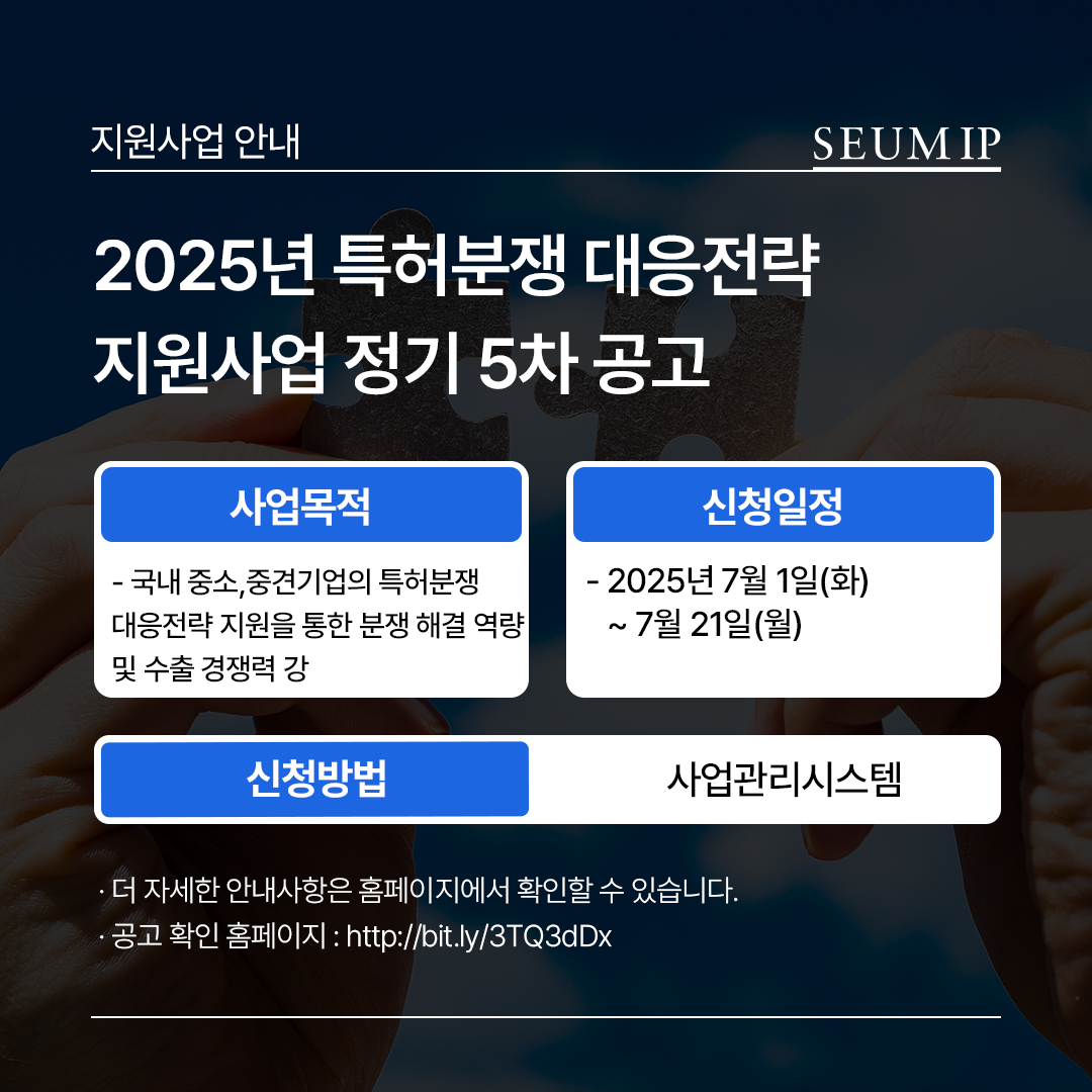 2025년 특허분쟁 대응전략 지원사업 5차 공고
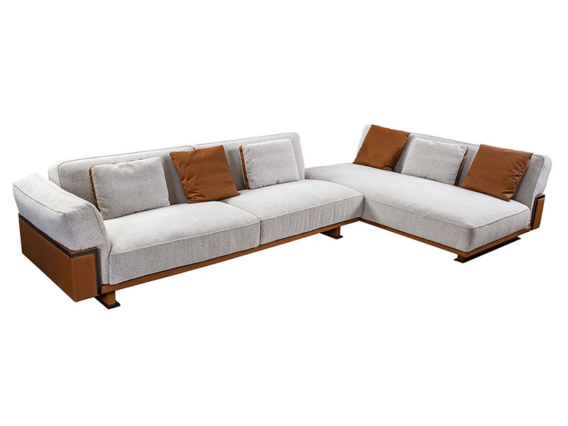 进口头层黄牛皮(B级FM系列/西皮配皮)/布艺:(XX1系列棉麻布)/磨砂布(L698系列)+高密度回弹海绵+实木内架+不锈钢拉丝脚+饰边条+鹅绒填充
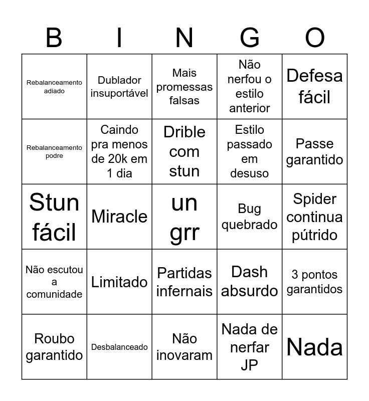 This bingo card has a free space and 24 words: Limitado, Desbalanceado, Drible com stun, Roubo garantido, Defesa fácil, Rebalanceamento adiado, Rebalanceamento podre, Dublador insuportável, Bug quebrado, Partidas infernais, Estilo passado em desuso, Stun fácil, Dash absurdo, 3 pontos garantidos, Caindo pra menos de 20k em 1 dia, Nada de nerfar JP, Spider continua pútrido, Mais promessas falsas, Passe garantido, Miracle, Nada, Não escutou a comunidade, Não nerfou o estilo anterior and Não inovaram.
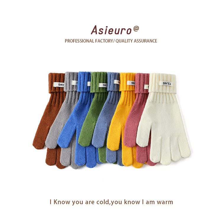한국의 겨울 장갑 따뜻한 다섯 손가락 캔디 컬러 터치 스크린 애호가 모든 경기 가을과 겨울 오픈 핑거 니트 울 따뜻한

### Goal of the exercise
What is needed is the data above, retyped exactly, with every picture left out.

### Written solution
 2025년 특허분쟁 대응전략 지원사업 5차 공고
 进口头层黄牛皮(B级FM系列/西皮配皮)/布艺:(XX1系列棉麻布)/磨砂布(L698系列)+高密度回弹海绵+实木内架+不锈钢拉丝脚+饰边条+鹅绒填充
 This bingo card has a free space and 24 words: Limitado, Desbalanceado, Drible com stun, Roubo garantido, Defesa fácil, Rebalanceamento adiado, Rebalanceamento podre, Dublador insuportável, Bug quebrado, Partidas infernais, Estilo passado em desuso, Stun fácil, Dash absurdo, 3 pontos garantidos, Caindo pra menos de 20k em 1 dia, Nada de nerfar JP, Spider continua pútrido, Mais promessas falsas, Passe garantido, Miracle, Nada, Não escutou a comunidade, Não nerfou o estilo anterior and Não inovaram.
한국의 겨울 장갑 따뜻한 다섯 손가락 캔디 컬러 터치 스크린 애호가 모든 경기 가을과 겨울 오픈 핑거 니트 울 따뜻한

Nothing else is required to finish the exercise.